Is the essential freedom proposed by Sartre contradicted by all types of determinism?
Answer by Geoffrey Klempner
This is a question about which I have changed my mind. I had a view — quite a strong view — about this, but I now realize I was wrong.
This is what I used to think: that everything that Sartre says about ‘free will’ and ‘bad faith’ can be fully taken on board by a ‘compatibilist’ — someone who believes that free will is compatible with determinism. What exactly is the debate over compatibilism?
The debate got going with a thought famously expressed by David Hume in his Enquiry Concerning Human Understanding:
“Actions are, by their very nature, temporary and perishing; and where they proceed not from some cause in the character and disposition of the person who performed them, they can neither redound to his honour, if good; nor infamy, if evil.”
In unit 2 of The Possible World Machine, I offer the following gloss on Hume’s remark, put into the mouth of my fictional student ‘Derek’:
“What it means… is that if your idea of free will is not being determined to do whatever it is that you’re going to do next by your own unique character and innate dispositions, then you’re no better, in effect, than a roulette wheel. The action you ‘freely’ choose to do, according the this idea, is just the accidental result of whatever number in the roulette wheel in your head happens to come up. That’s not anything anyone would recognise as freedom.”
If Derek’s claim were true, then in order to have good Sartrean ‘free will’ we would want determinism to be true. The actions I do in good faith, or avoiding bad faith, proceed from my ‘unique character and dispositions’. They are caused by me, the kind of person, the agent that I am. Actions that are not the product of my character are actions that I can take no credit for. They are not ‘mine’ in any meaningful sense. Ergo, someone who believes in Sartrean free will ought to believe in determinism, or at least hope that determinism is true.
Schopenhauer makes a similar point when he argues against a conception of free will conceived as the ‘freedom of indifference’. If my free actions are only those that occur in cases where my character and motivations are not sufficient to decide one way or the other, then they are of no interest. What interests us, as moral agents, are those actions that we have a reason and a motivation to do, the actions we choose, for reasons.
This is just plain wrong!
If there is one thing we know about the philosophy of Jean-Paul Sartre, absolutely and for sure, is that he is adamant that determinism cannot be true. He doesn’t merely express the hope that determinism is false. He knows that it is false. He knows that he is radically free. But, in that case, how does he escape Hume’s dilemma?
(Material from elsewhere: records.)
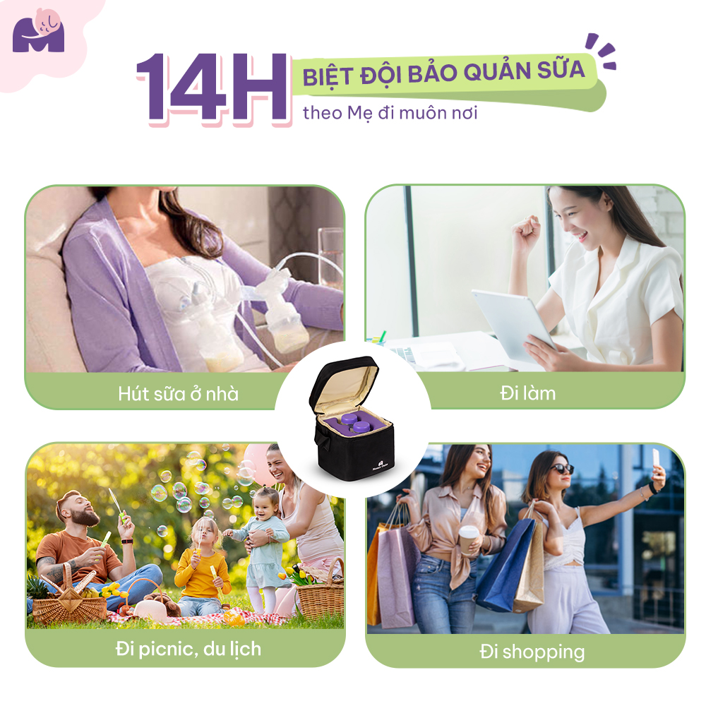 • GIỮ LẠNH: sử dụng với sữa đóng đá trong trủ đông khi mà mẹ và bé chuẩn bị cho 1 chuyến đi xa. Hoặc sữa mẹ mới vắt ra khi mẹ đi làm. Sữa mẹ sẽ được bảo quản lạnh lên đến 14h đồng hồ (tùy thuộc vào nhiệt bên ngoài và đá khô giữ lạnh
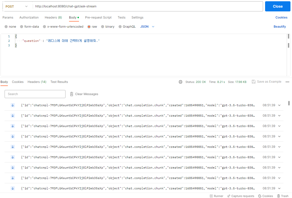 시키려면 Stream Parameter에 True값을 셋팅해 요청하면 됩니다. (False일 때는 완성된 답변을 반환합니다.)
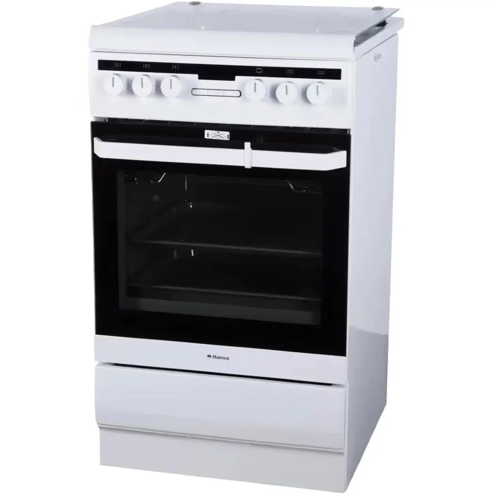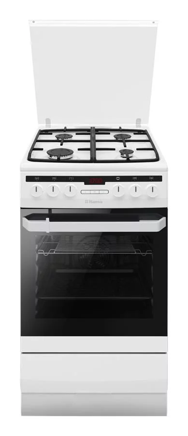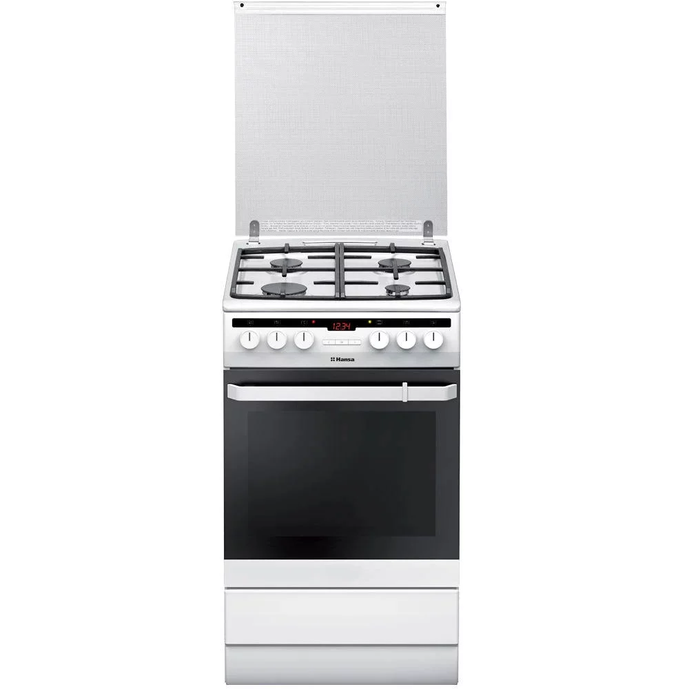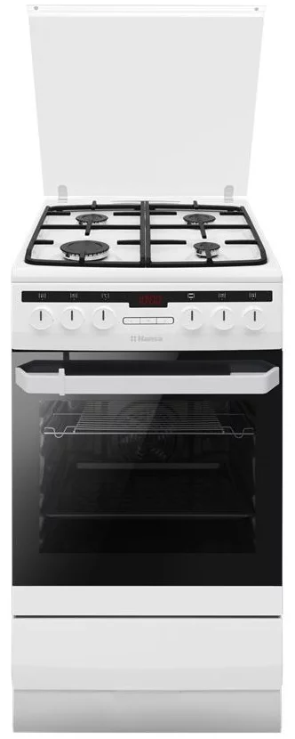 Комбінована плита з газовою варильною поверхнею та електричною духовкою об’ємом 62 л. Має 8 програм приготування, включаючи гриль, конвекцію та швидкий розігрів. Варильна поверхня обладнана чавунними решітками і електрозапалюванням у ручках.

There is a way to avoid the dilemma. But in order to see it we have to rid our minds of the kinds of example that are normally put forward in discussions of free will. (It was Wittgenstein who remarked, ‘A main cause of philosophical disease — a one-sided diet: one nourishes one’s thinking with only one kind of example’ Philosophical Investigations para. 593.) We imagine cases where there are reasons for doing A and also reasons for doing B. We balance the reasons for A and B against one another and decide that A is, all things considered, stronger than B. So we do A.
It is true that we do sometimes balance two incompatible courses of action against one another and decide which to opt for. But far more commonly, we find ourselves in a situation were we don’t know what to do. There are lots of possibilities, not just two. And thinking ahead, through the various things that could happen, more and more possibilities branch off.
I would argue that it is far closer to the human decision-making process to see it as a kind of creative reverie. We indulge in this kind of reverie even when we are not required to make any decision. The thought comes into my head, ‘Suppose that such-and-such were to happen.’ It might be extremely unlikely that such-and-such could ever happen in any possible world that I was remotely connected to, but such considerations are irrelevant in pure reverie. In reverie, I can travel the universe, or become Pope, or machine gun my enemies to death.
When creative reverie is put to use, on the other hand, we find ourselves at the apex of multiple story lines, any one of which could actually come to pass, but at most only one of them will. But here’s the thing: The story lines have to occur to me. I entertain them in my mind, let them in to my consciousness. They crowd round. Which one should I choose first? It is true that at this precise point my freedom is indeed the ‘freedom of indifference’ as Schopenhauer calls it. My thoughts go one way when they could just as well have gone another. Nevertheless, I take responsibility for that choice. The thoughts are indeed mine.
Though I could hardly see myself committing murder in the real world, the thought of what I would do to so-and-so with my machine gun really did happen, I cannot deny it. And now suppose that by some incredible sequence of events my enemy stands before me, and I just happen to have a fully-working machine gun in my hands…
It is in this sense, and for these reasons, that I can imagine that I might not have existed but someone exactly like me might have existed in my place, who ten minutes ago when I started composing this answer decided to watch the TV news instead. With the result that this answer was never written.
Writing this answer today was an act of free will, an event that could not have been predicted by a Laplacian Super-Mind on the basis of the way the Big Bang banged because a possible world not just similar to but exactly like the actual world, up to ten minutes ago exists, with someone exactly like me in it, who happened to wonder what Boris was up to today and decided to put on the TV news.